Sembrano casi isolati, ma non lo sono, soprattutto nei settori economici che il CGIE annoverava. Passato il momento emergenziale per la salute e la sicurezza e lo shock per la perdita improvvisa del lavoro, una legittima preoccupazione emerge tra le famiglie: prima, tra tutte, la preoccupazione per la perdita del lavoro da parte degli stessi genitori.

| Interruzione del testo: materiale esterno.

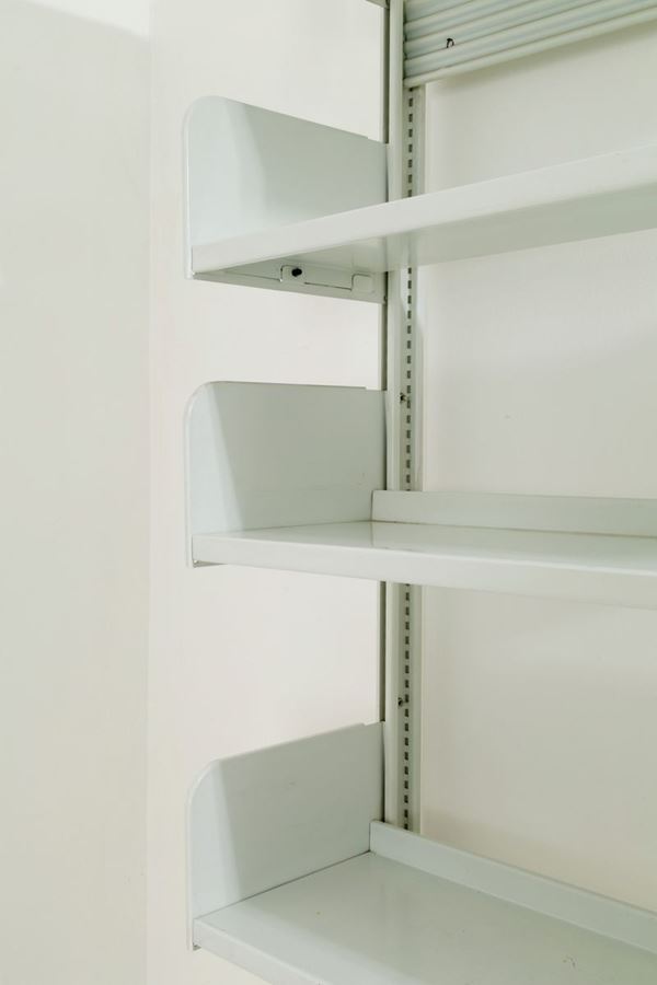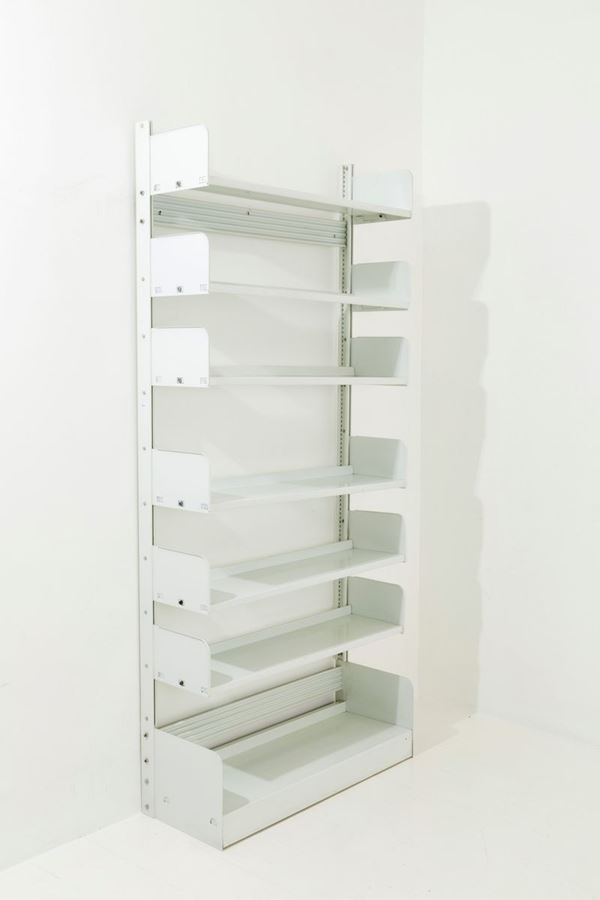 Libreria Congresso in metallo verniciato bianco a cinque elementi. Produzione LIPS VAGO. Anni '60. Difetti.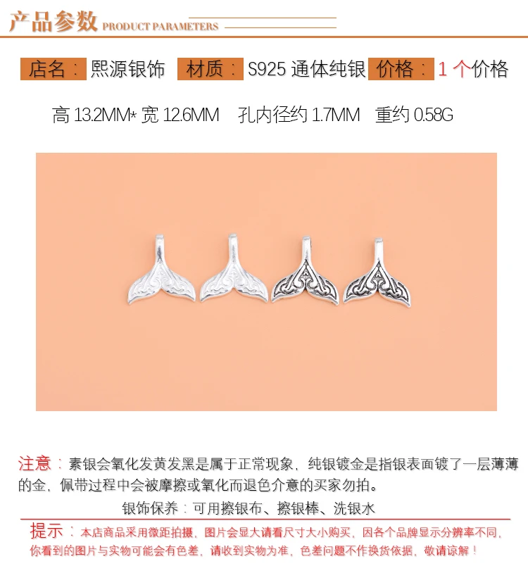 Узор подвеска рыбий хвост стерлингового серебра тайское модное серебро пробы аксессуары, браслет ручной работы, ожерелье, кулон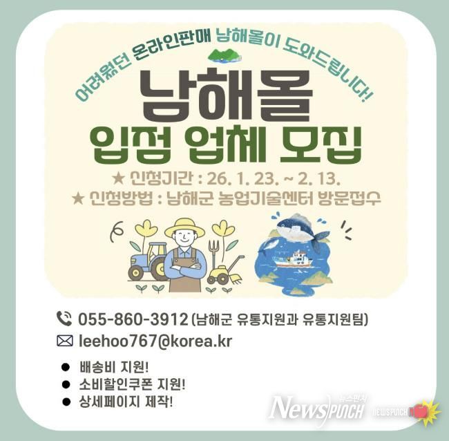 뉴스펀치 박세훈 기자 | 남해군이 지역 농수특산물과 관광상품의 온라인 시장 진출을 지원하고자 ‘남해몰’ 2026년 상반기 입점업체를 공개 모집한다고 밝혔다.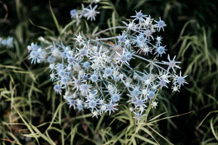 Eryngium yuccifolium. Bluebrier yuccolist growing in a wild nature, park, garden in summer or fall. Plant with round flowers on long stems. Natural green brown blurred background. Perennial plants.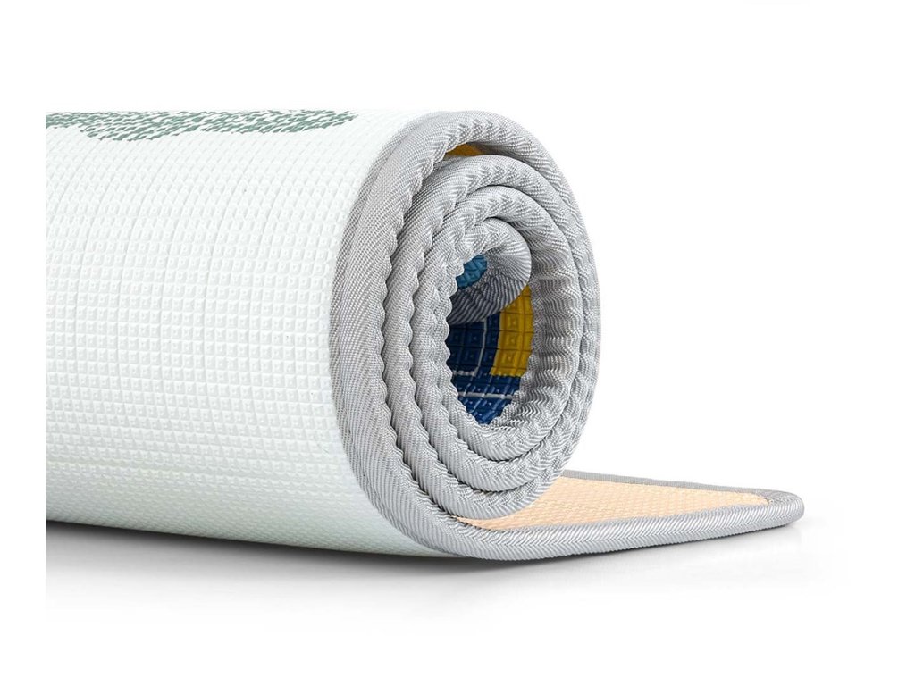 Kreatívne a farebné vzory podložky povzbudzujú aktivitu, najmä v raných fázach vývoja. Plochý povrch penovej podložky umožňuje vášmu dieťaťu modelovať stabilný trup, prirodzene a voľne otáčať hlavou, precvičovať rotácie, opierať sa, správne zaťažovať nohy a stabilne a bezpečne sedieť. Rolovacia penová podložka KINDER je bezpečným a pohodlným miestom na hranie. Produkt poskytuje vynikajúcu izoláciu od studených podláh a vďaka nepremokavému povrchu sa ľahko čistí a je ideálnym doplnkom do každej izby. Jeho vysoká flexibilita zaisťuje vynikajúce tlmenie nárazov v prípade pádu. Je možné ho použiť aj vonku na hladkom povrchu. Naša podložka je tiež ideálna na cesty.

Ad esempio, scrive Emanuela: «Mia figlia studia e il prossimo anno scolastico sarà a Berlino. La preoccupazione è per noi genitori, che speriamo di non perdere il lavoro, ma faremo sicuramente cassa integrazione, e poi per lei che vuole fare piccoli lavoretti per mantenersi. Non è un momento facile». Lo stesso vale per Lorena, che ha «tre figlie, la più grande sta facendo un dottorato, quindi è già autonoma, ma le altre due studiano in Italia ma fuori sede. Siamo davvero preoccupati, in base alle nostre entrate avevamo programmato anche le spese, faremo di tutto per farle terminare il loro percorso ma sia io che mio marito siamo due partite Iva … chiusura totale per entrambi a marzo e aprile. Io ho riaperto a maggio, per mio marito la ripresa è ancora molto lenta. Speriamo bene».

Anche tra i giovani che non hanno perso il lavoro c’è chi ha vissuto situazioni di ristrettezza economica dovuta alla riduzione delle ore di lavoro e dello stipendio, magari in un momento in cui avevano assunto impegni quale un mutuo per l’acquisto della casa, racconta Rita.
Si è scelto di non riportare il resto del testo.